-- Prompt --
Exactly the lines from the beginning of the listing below through the line that contains "それを受けての、りんご+ハム+チーズのサンドウィッチのお弁当です。" should be transcribed, and pictures must stay out.

%%

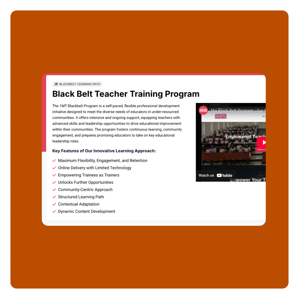 1MT needed a solution that combined flexibility with clear progression, enabling teachers to learn at their own pace while still benefiting from an organized curriculum. The organization had previously tested platforms like D2L and iSpring, but found these LMSs lacked the flexibility, longevity, and learner-first design needed to support their goals.
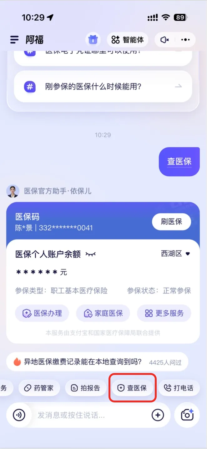 阿福打通了国家医保局,可一键调取医保码、查询医保余额,还可直接开启就医服务,贴合长辈日常预约挂号的就医需求。
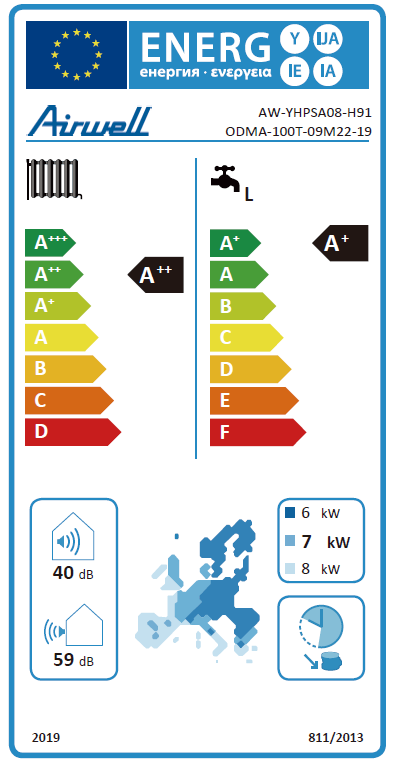 | Energijos klasė šildyme | A+++ |
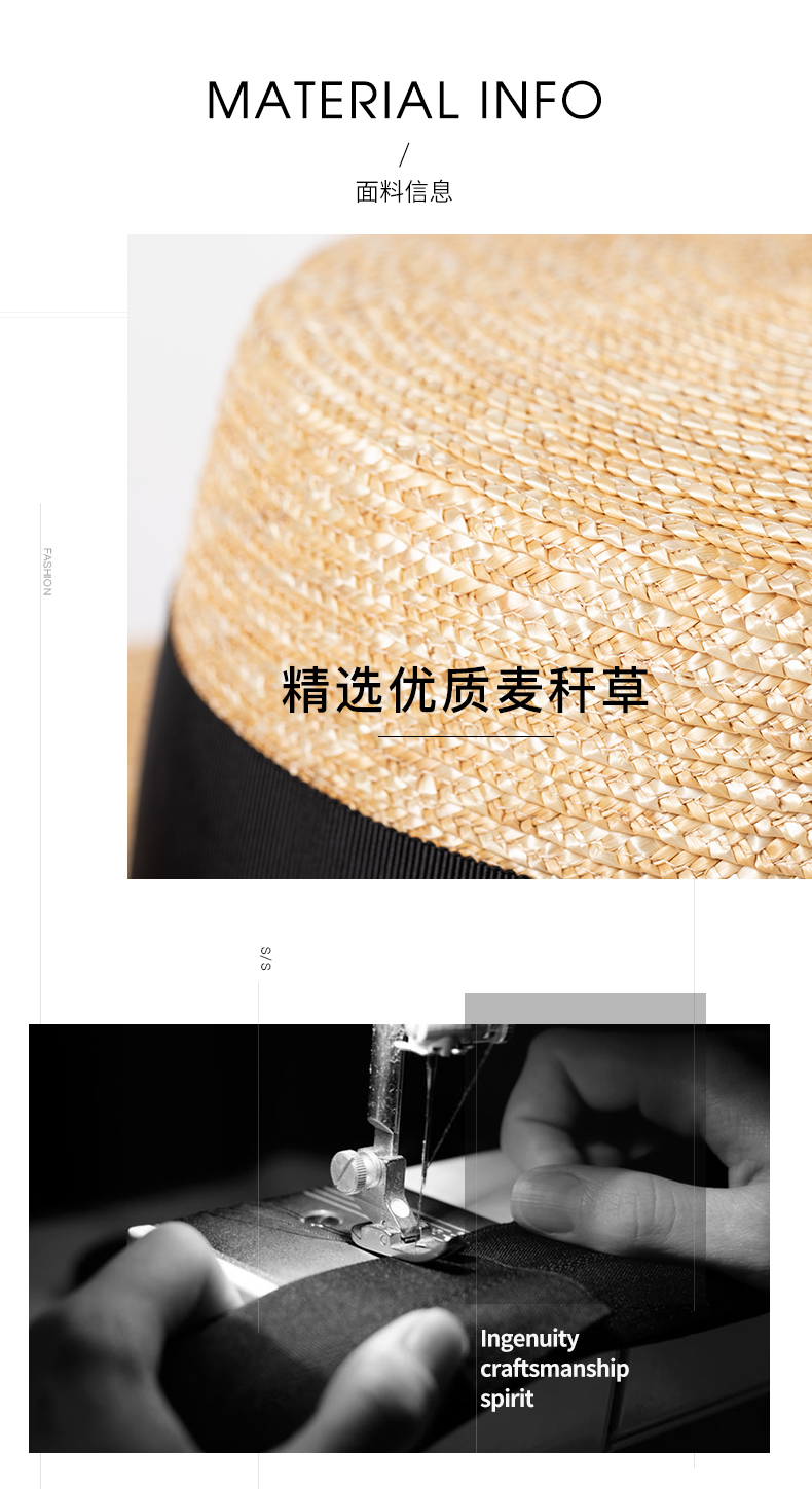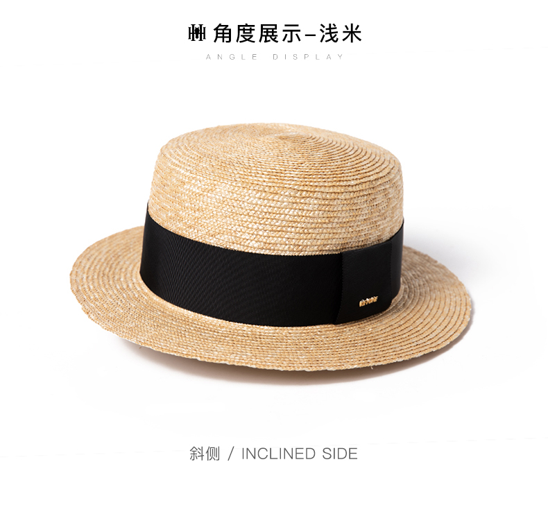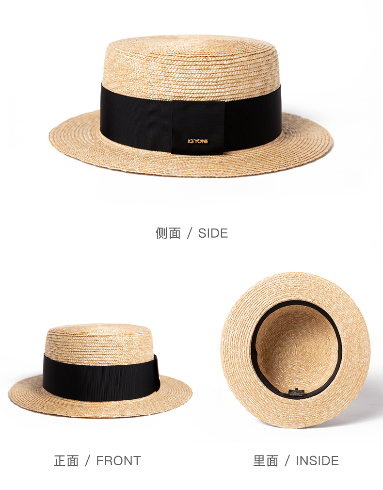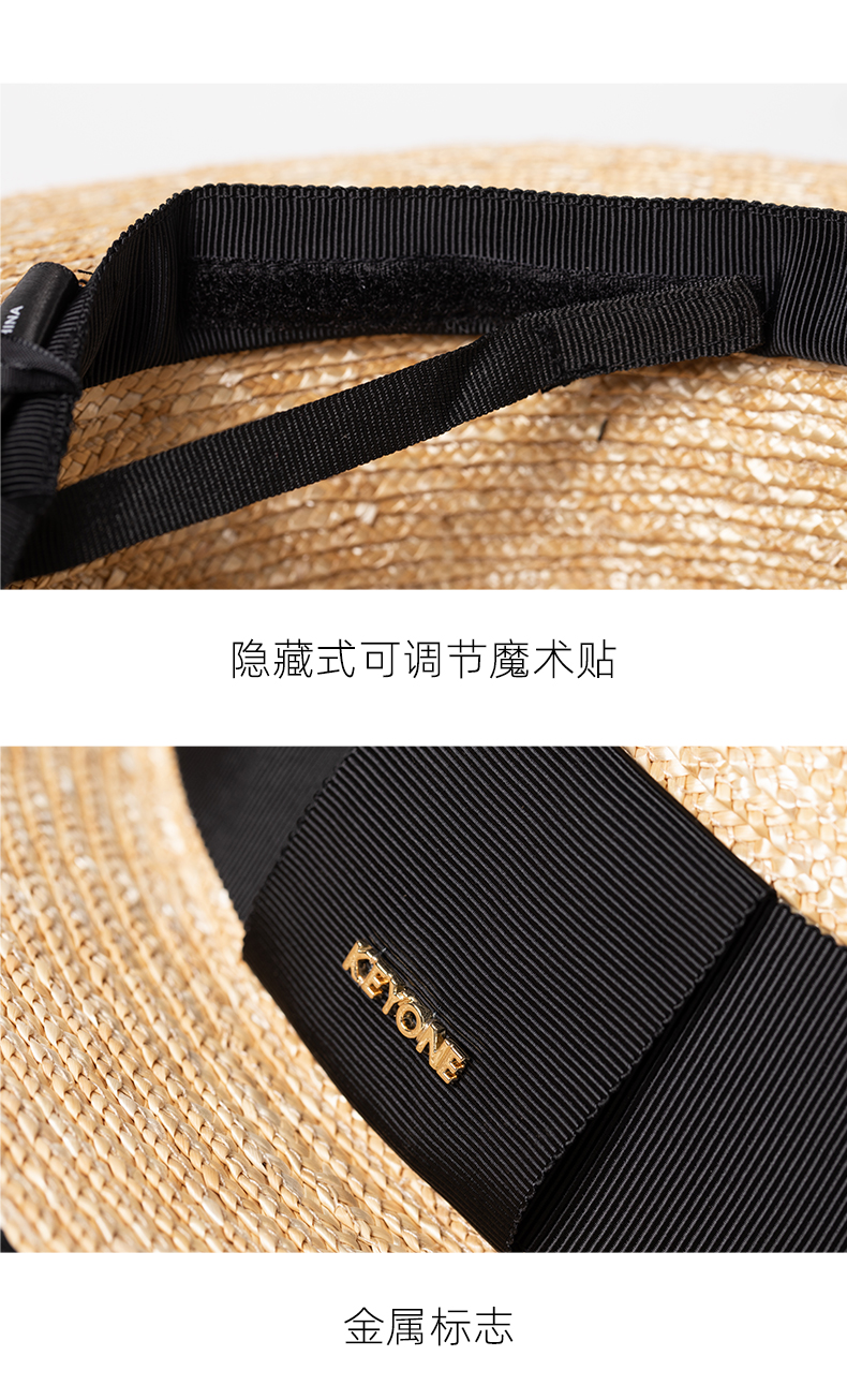 帽仕汇 KEYONE平顶草帽女夏季多色可替换装饰带手工麦秆度假遮阳帽
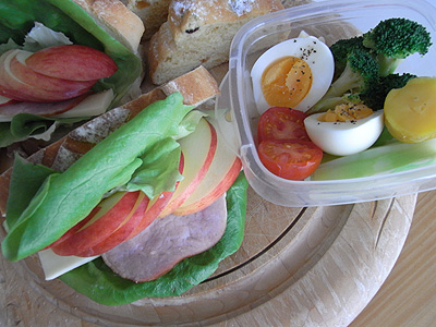 それを受けての、りんご+ハム+チーズのサンドウィッチのお弁当です。
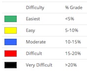 The selected route is displayed using a color code (see legend insert) on road segments to show the road grade, also called slope, incline, or gradient. For example, a grade of 5% is a rise of 5 vertical feet per 100 horizontal feet.
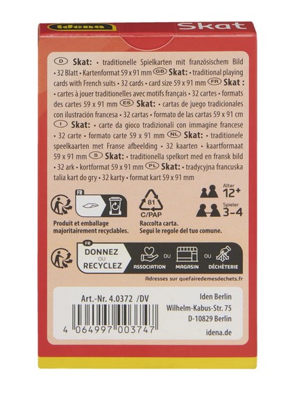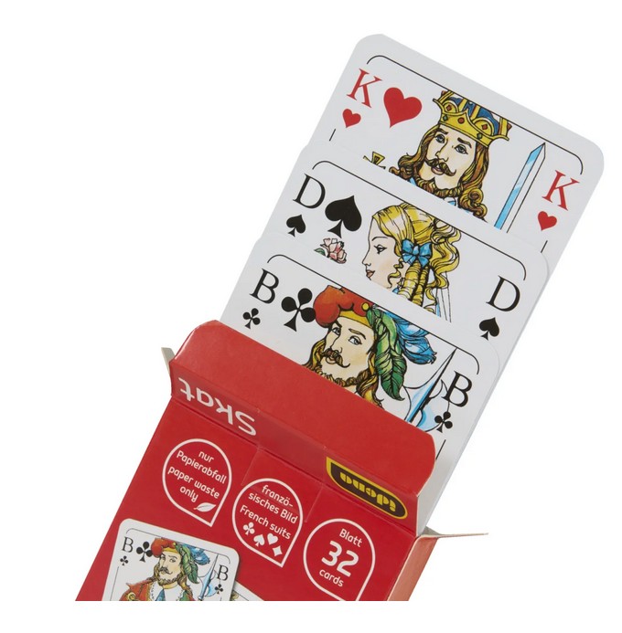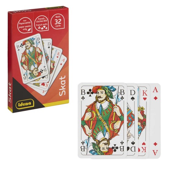 Egal ob Skat, Mau Mau, Poker oder andere beliebte Kartenspiele - mit diesem klassischen Kartenspiel, bestehend aus 32 Blatt, bist du für jede Spielrunde bestens gerüstet. Die Vielseitigkeit dieser Spielkarten ermöglicht es dir, eine Vielzahl von spannenden Spielen zu erleben und dich stundenlang zu unterhalten. Die Spielkarten sind mit einem traditionellen französischen Bild bedruckt, was ihnen einen nostalgischen Charme verleiht. Das hochwertige Design und die sorgfältige Verarbeitung machen sie zu einem absoluten Blickfang auf jedem Spieltisch. Praktischerweise sind die Karten in einem handlichen Kartonetui verpackt, sodass du sie problemlos überallhin mitnehmen kannst. Egal ob zu Hause, im Urlaub oder bei Freunden - mit diesem Kartenspiel hast du immer das perfekte Unterhaltungsprogramm zur Hand. Ein solches Skatblatt sollte in keinem Haushalt fehlen. Also schnapp dir dieses klassische Kartenspiel, fordere deine Freunde zu spannenden Spielrunden heraus und genieße gemeinsame Momente voller Spaß und Spannung. Zeige dein Können, fordere dein Glück heraus und erlebe unvergessliche Augenblicke beim Kartenspiel.
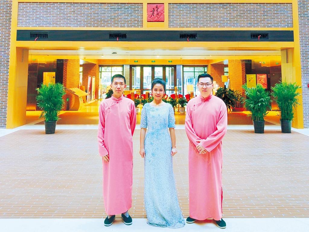 快板节目演员张帅(左)张艳秋(中)王益忱
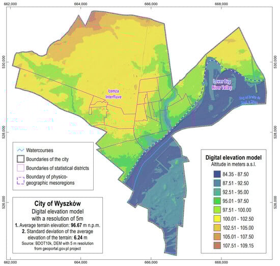 The landscape of Wyszków is characterised by moraine uplands on the right bank of the Bug River, which ascends to an average height of 100–120 m above sea level and descends steeply with an erosional edge towards the river (Figure 4). This edge has a relative height of 5 to 12 m, with gradients reaching up to 75%. Consequently, the Lower Bug River Valley within the study area displays notable asymmetry. The valley spans an average width of approximately 5 km, of which around 80% lies on the left bank. The left-bank section transitions smoothly into a flat terrain, with its boundary indistinctly marked by eolian deposits.

%%

-- Task response --
 1MT needed a solution that combined flexibility with clear progression, enabling teachers to learn at their own pace while still benefiting from an organized curriculum. The organization had previously tested platforms like D2L and iSpring, but found these LMSs lacked the flexibility, longevity, and learner-first design needed to support their goals.
 阿福打通了国家医保局,可一键调取医保码、查询医保余额,还可直接开启就医服务,贴合长辈日常预约挂号的就医需求。
 | Energijos klasė šildyme | A+++ |
 帽仕汇 KEYONE平顶草帽女夏季多色可替换装饰带手工麦秆度假遮阳帽
 それを受けての、りんご+ハム+チーズのサンドウィッチのお弁当です。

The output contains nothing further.